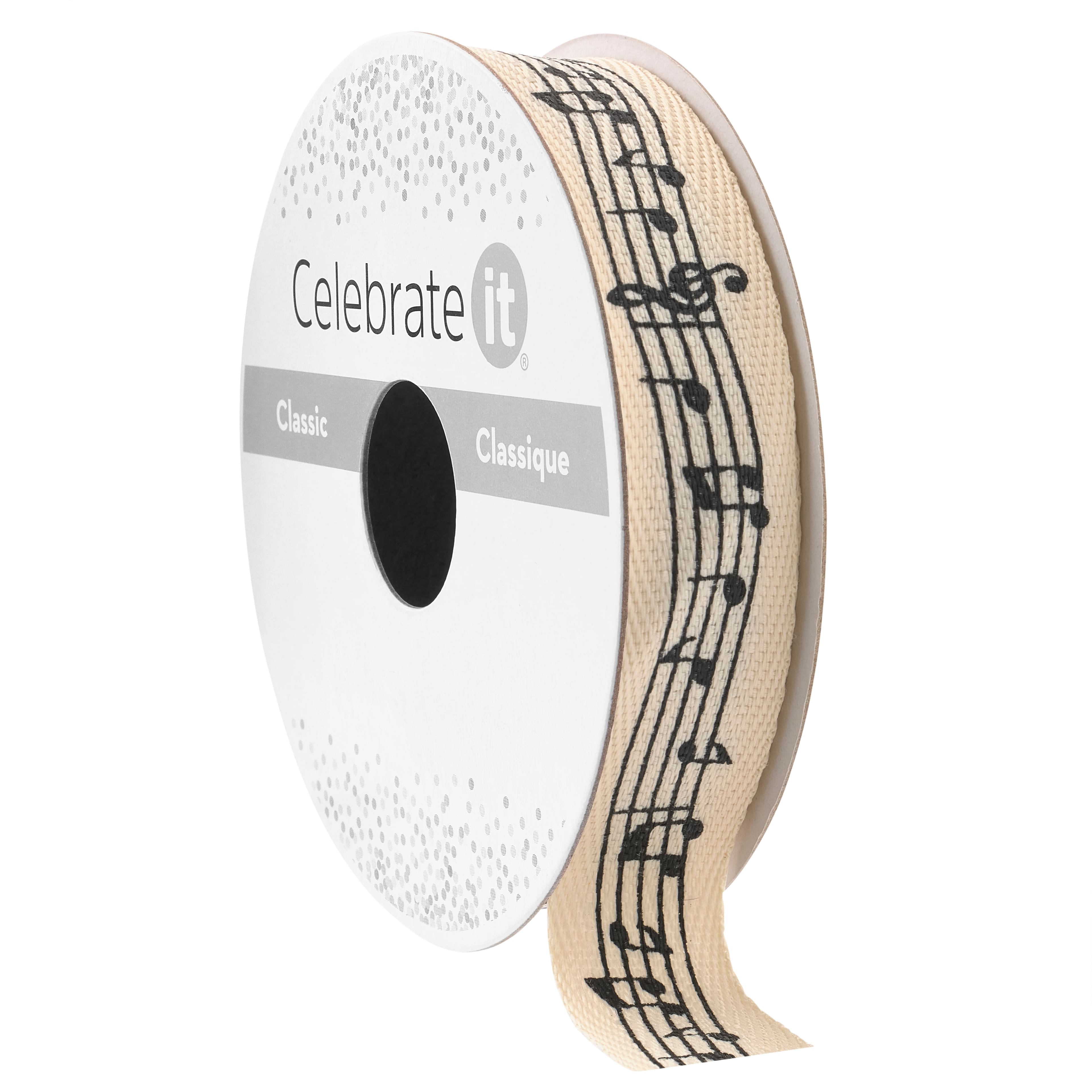 5/8" x 7yd. Black Music Staff Faux Linen Ribbon by Celebrate It® Classic
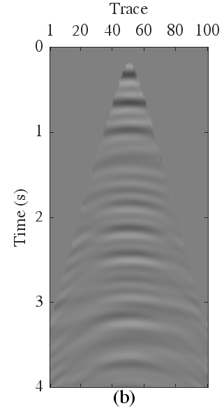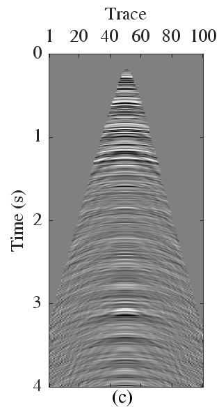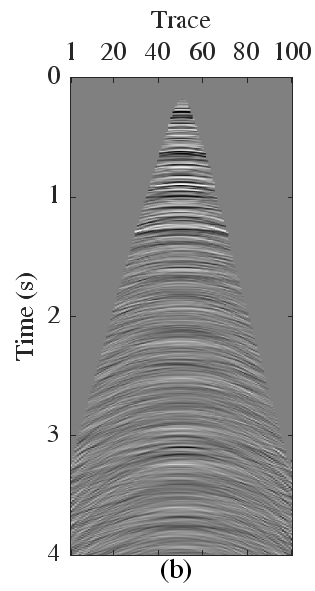 进一步将所有数据按照波到达时排序,如图7(a)所示,可见其中含有大量的多次波。经常规PRT多次波压制后,仍有多次波残差,如图7(b)所示。而高阶PRT和提出方法得到的一次波较干净,如图7(c)和(d)所示。表1为计算时间对比,显然,和具有保幅性的高阶PRT相比,本文方法用时更少。这说明,本文方法在多次波压制精度和效率方面都展现出了优势。
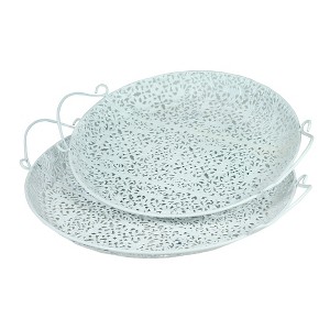 Essential Decor & Beyond 2-Piece Set White Oval Metal Decorative Trays With Handle
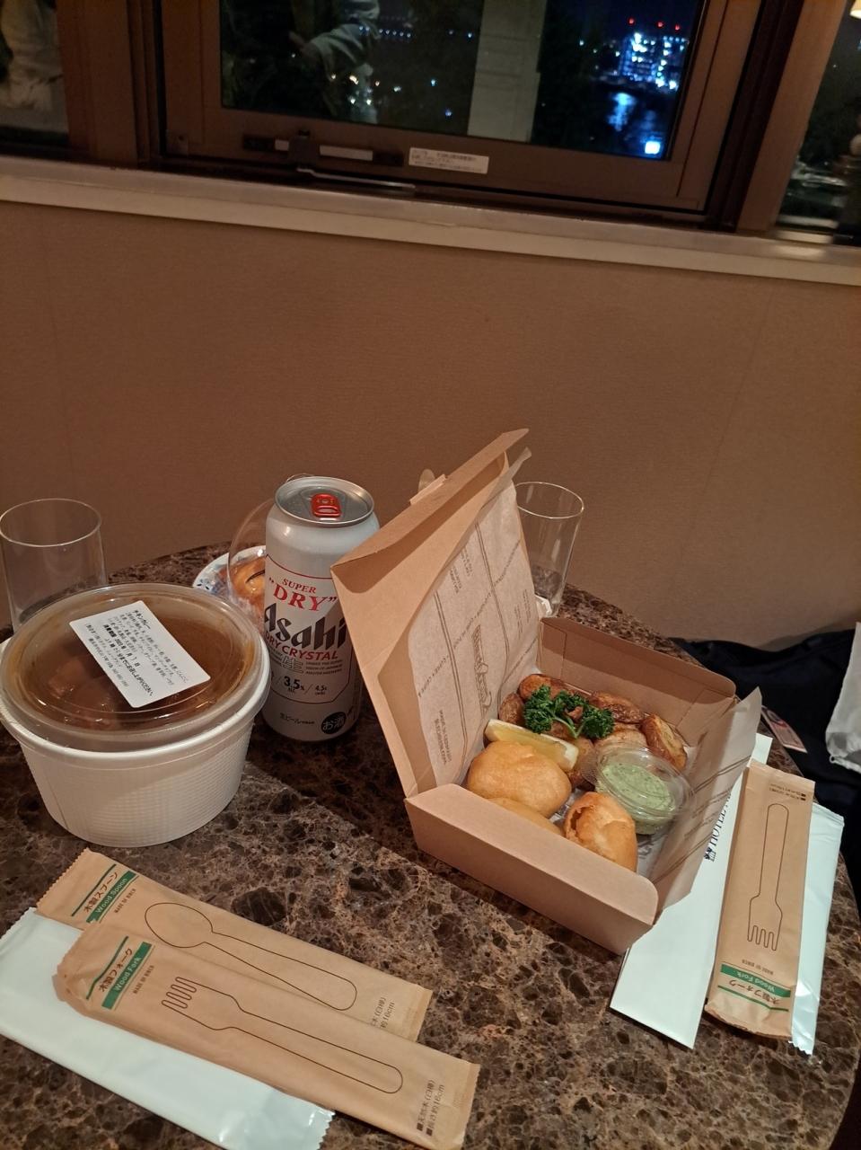 窓外のガンダムファクトリーとベイブリッジの夜景。

Task objective
Any images must be left out; transcribe the rest of the material exactly.

Expected output
 5/8" x 7yd. Black Music Staff Faux Linen Ribbon by Celebrate It® Classic
 进一步将所有数据按照波到达时排序,如图7(a)所示,可见其中含有大量的多次波。经常规PRT多次波压制后,仍有多次波残差,如图7(b)所示。而高阶PRT和提出方法得到的一次波较干净,如图7(c)和(d)所示。表1为计算时间对比,显然,和具有保幅性的高阶PRT相比,本文方法用时更少。这说明,本文方法在多次波压制精度和效率方面都展现出了优势。
 Essential Decor & Beyond 2-Piece Set White Oval Metal Decorative Trays With Handle
 窓外のガンダムファクトリーとベイブリッジの夜景。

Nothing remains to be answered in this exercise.